The strength of this trial lies in its area of innovation, as it took place in a single urban setting with many health records interconnected with an EHR. All treatment plans were carried out by the usual caregivers and monitored using the EHR.
Fluticasone furoate is a steroid hormone synthetically derived from fluticasone. It’s is sold by GSK as Veramyst nasal spray, mainly prescribed for treating seasonal and chronic allergic rhinitis also known as hay fever, and can be given to both adults and children older than 1 year of age.
Vilanterol is an ultra-long acting β2 adrenoreceptor agonist, which causes the smooth muscles in the body to relax. Hence the effect of Vilanterol is to relax the bronchital passageways in the lungs to make it easier to breathe.
The prescription drug Breo Ellipta is a combination of vilanterol and fluticasone furoate, and is manufactured by GSK as well. It is used to treat COPD including chronic bronchitis, emphysema or both. It is not used to relieve sudden breathing problems, hence it won’t replace an inhaler. Breo Ellipta is used to clear up allergies in patients 18 years or older and should only be used if a patient’s healthcare provider prescribes it.
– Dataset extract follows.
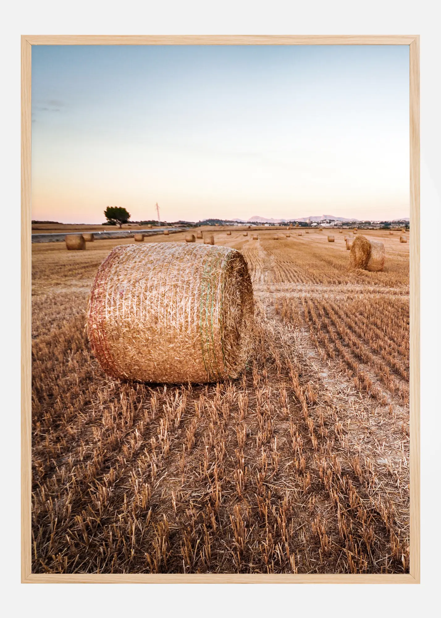 En enkel men vacker naturposter. Höstacken i förgrunden har rullats snyggt, medan det på avstånd finns andra rullade höstackar utspridda på fälten. En ljusblå himmel och de varma bruna färgerna skapar en varm och avkopplande bild som kan hängas upp i ett lantligt kök.

Patients should also be aware of some of the side effects of fluticasone furoate-vilanterol spray which may include back pain, cough, headache, minor nosebleed and sore throat. In case of severe allergic reactions these side effects may also appear: rash, difficulty in breathing, extremely watery nose or eyes, unusual nausea or vomiting, unusual tiredness or weakness. In this case, seek medical attention immediately.
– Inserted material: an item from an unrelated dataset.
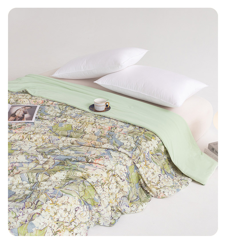 (总)睡棉坊2025新款数码印花高克重凉感丝夏凉被呱呱被10%大豆纤维填充带质检报告,梵高灰,国色东方,静若繁花,媚格绿,迷香紫,郁情粉

Besides improving symptoms, these treatments are also thought to lead to some degree of disease modification. This comparative effectiveness trial that was conducted in a population of patients with COPD was largely unsupervised over the year-long period for which the trial was conducted. this unsupervised method of conducting the trial allowed important factors in usual clinical care to be considered, such as adherence, frequency of dosing, and persistence of good inhaler technique, to come into play.
Future research should be directed towards the development of agents that notably affect the course of disease.